1. Inconsistent Recommendations and a Crisis of Confidence
Molecular Tumor Boards (MTBs) were designed to help doctors make informed decisions about complex genomic cases. But studies show that their conclusions can vary widely. In one multicenter study in Japan, doctors at different MTBs gave different treatment recommendations for the same patients. Overall agreement was around 62%, and dropped to as low as 18–30% when the genetic findings were less well understood. This kind of variability can shake patient confidence. If two top cancer centers suggest different treatments for the same person, how reliable is our current system?
Computational reasoning platforms aim to fix this. Instead of relying on subjective opinion, they use structured, logic-based systems to evaluate each case. These platforms apply consistent rules and incorporate the latest evidence, helping ensure that every patient gets a fair and objective treatment review.

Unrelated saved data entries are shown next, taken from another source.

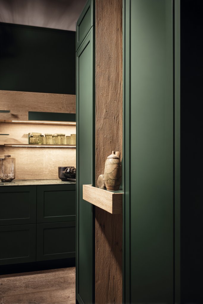 This design elevates your kitchen into a space of refined elegance rooted in nature. It’s perfect for those who appreciate luxury with a natural touch. With deep green and wood, you create a sophisticated, calming environment that’s both inspiring and timeless.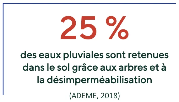 • Désimperméabiliser (retrait du bitume, création de surfaces végétales) permet à l’eau de s’infiltrer, d’alimenter les plantes et réduit les îlots de chaleur.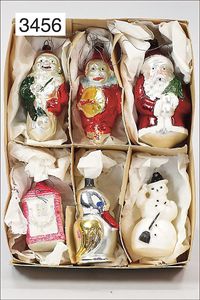 Konv. 6 Teile Christbaumkugeln, teilw. Spiegelglas, teilw. Milchglas, 2 x Clownfigur, 1 x Weihnachtsmann, Schneemann, Ente und kl. Haus, 7 cm bis 10 cm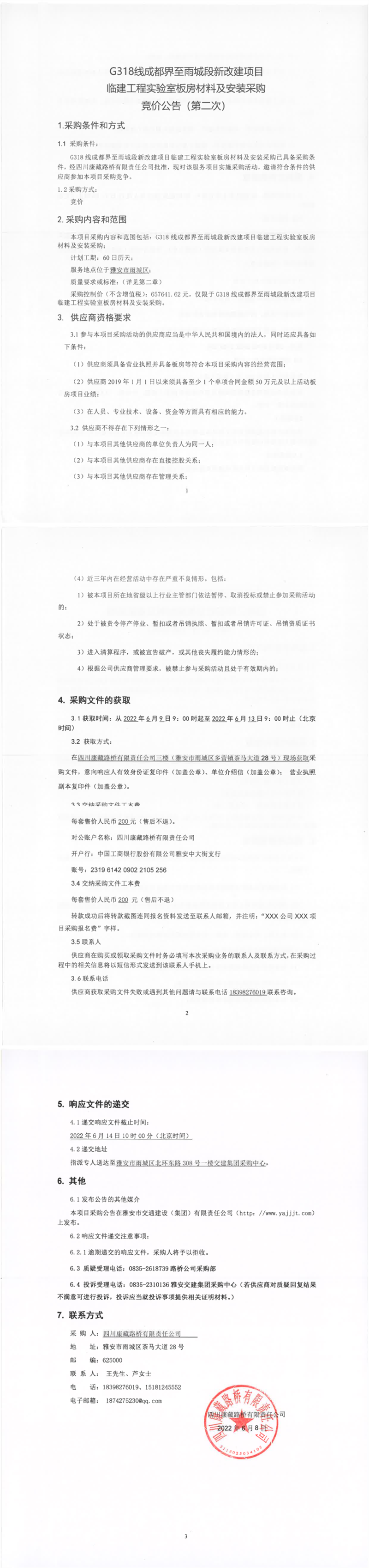 四川康藏路桥有限责任公司G318线成都界至雨城段新改建项目临建工程实验室板房材料及安装采购竞价公告(第二次)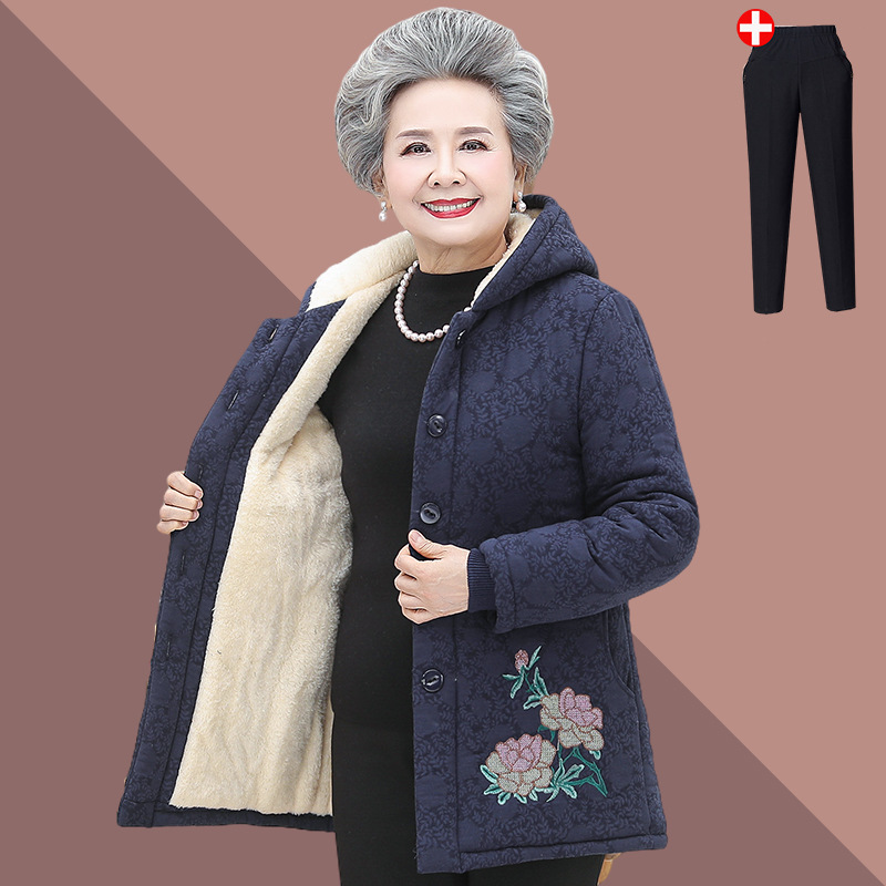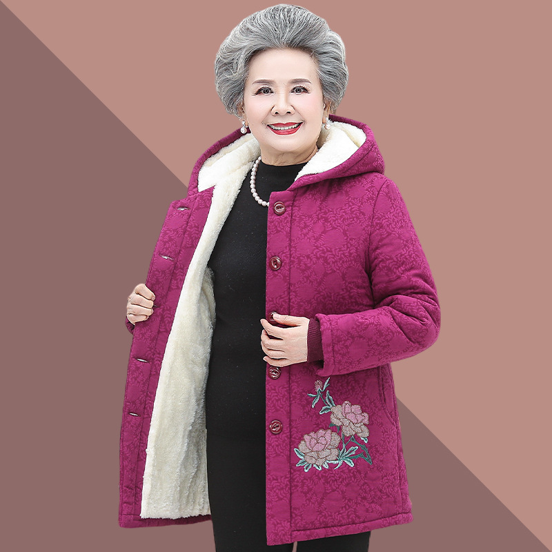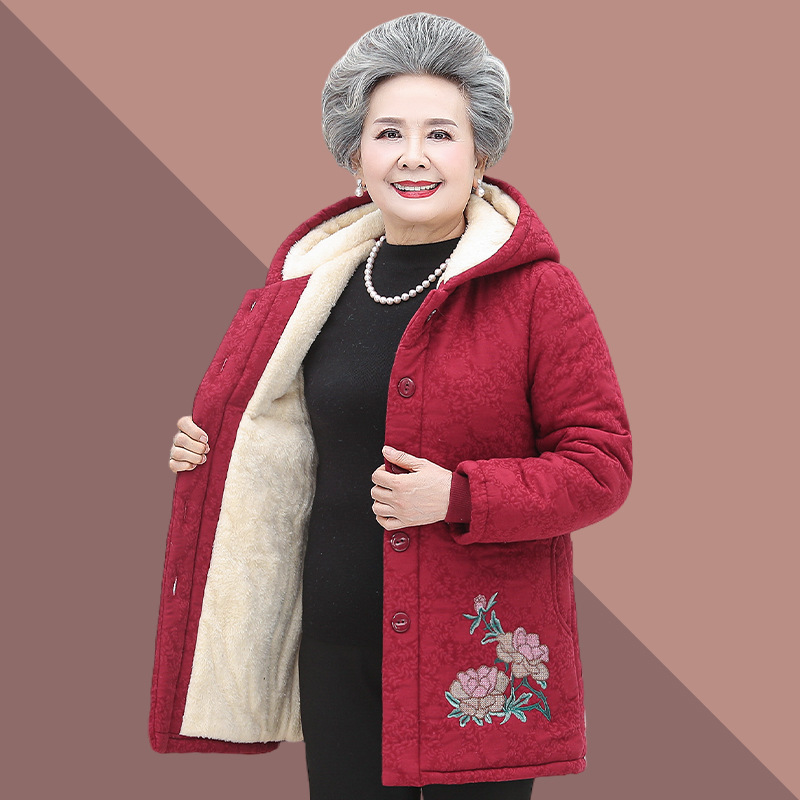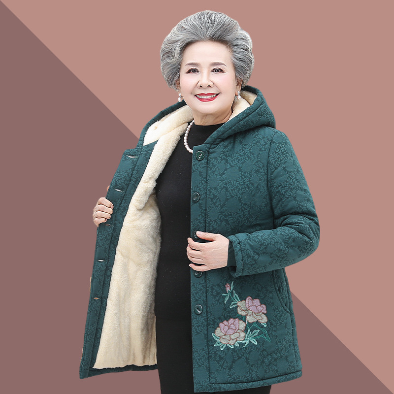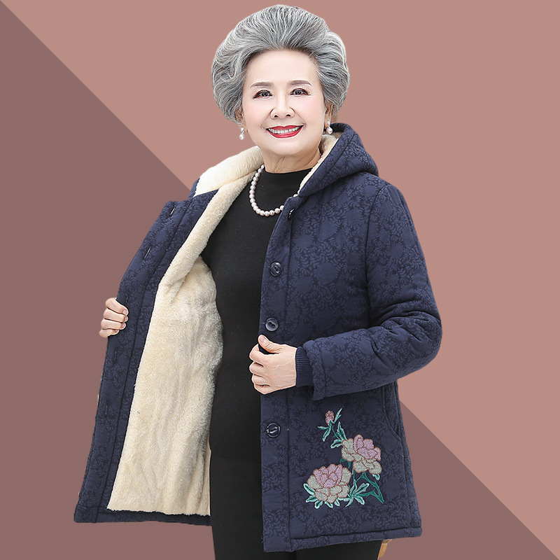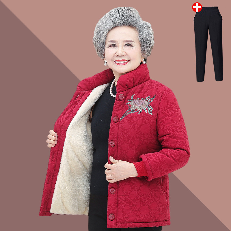 Бабушка зимняя хлопчатобумажная куртка женский средний и пожилой зимний бархат утолщение маленькая мама куртка старушка хлопчатобумажная одежда

2. “One Mutation, One Drug” Is No Longer Enough
Early success in precision oncology came from matching a single gene mutation to a specific drug. But most tumors aren’t that simple. In fact, many cancers are driven by multiple genetic alterations; studies suggest an average of four to five in solid tumors. The I-PREDICT trial showed that patients who received treatments addressing more than one driver mutation had better outcomes than those matched to just one.
Computational reasoning platforms examine the entire genetic picture. They analyze how different mutations interact and rank treatments accordingly. This leads to a more personalized and potentially more effective care plan.

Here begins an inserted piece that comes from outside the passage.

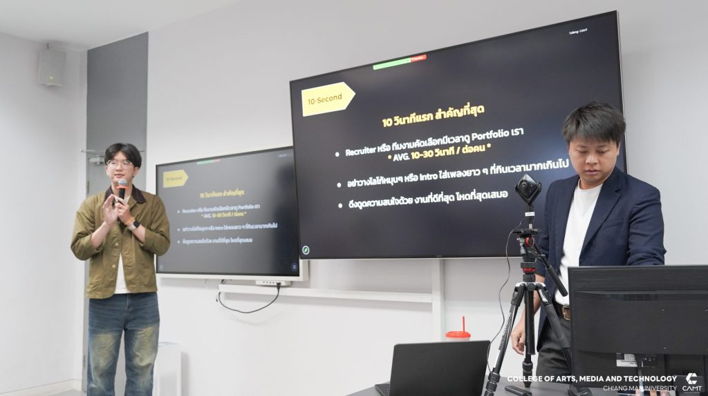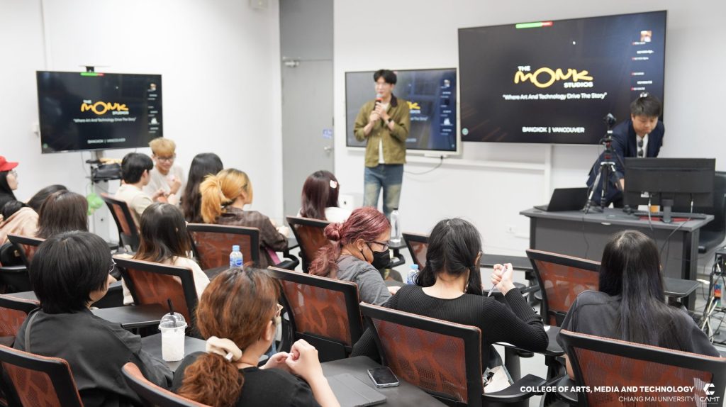 โดยภายในงานได้รับเกียรติจากคุณธนภัทร ธรรมธิ ตำแหน่ง Lead Technical Director และคุณศรุฒ นุ่มฤทธิ์ ตำแหน่ง HR จากบริษัท The Monk Studios มาร่วมแชร์เบื้องหลังการทำงานในสายเทคนิคอลแอนิเมชัน และมาตรฐานการทำงานในระดับอุตสาหกรรม พร้อมให้คำแนะนำในมุมมองของการคัดเลือกบุคลากร การเตรียม Portfolio และเทคนิคการสัมภาษณ์งานรวมถึงการปรับปรุงผลงาน (Showreel) ให้มีความโดดเด่นและตรงกับความต้องการของตลาดให้แก่นักศึกษา เมื่อวันพุธที่ 25 มีนาคม 2569 ณ วิทยาลัยศิลปะ สื่อ และเทคโนโลยี มหาวิทยาลัยเชียงใหม่

3. Limited Benefit from Genomic Testing
Many cancer centers now routinely perform broad genomic testing, but the number of patients who actually benefit remains small. In the MOSCATO study, only about 15% of patients responded to targeted treatments. The NCI-MATCH trial reported meaningful results in just 3 of the first 11 treatment arms. This raises a hard question: are we overpromising? Most patients who undergo testing won’t end up receiving a helpful new treatment.
But there is hope. In May 2025, Nature Precision Oncology published a study by Dirner et al., analyzing 111 patients with advanced lung cancer using a computational reasoning model (Digital Drug Assignment, commercially known as Genomate). The findings were significant:
- Patients lived four times longer without disease progression when treated with Genomate’s top-ranked therapies
- 33% 5-year survival rate, using approved, available drugs
- More than 50% of patients received high-quality treatment matches
This is one of the clearest demonstrations to date that computational reasoning can expand therapeutic opportunities and predict clinical benefit.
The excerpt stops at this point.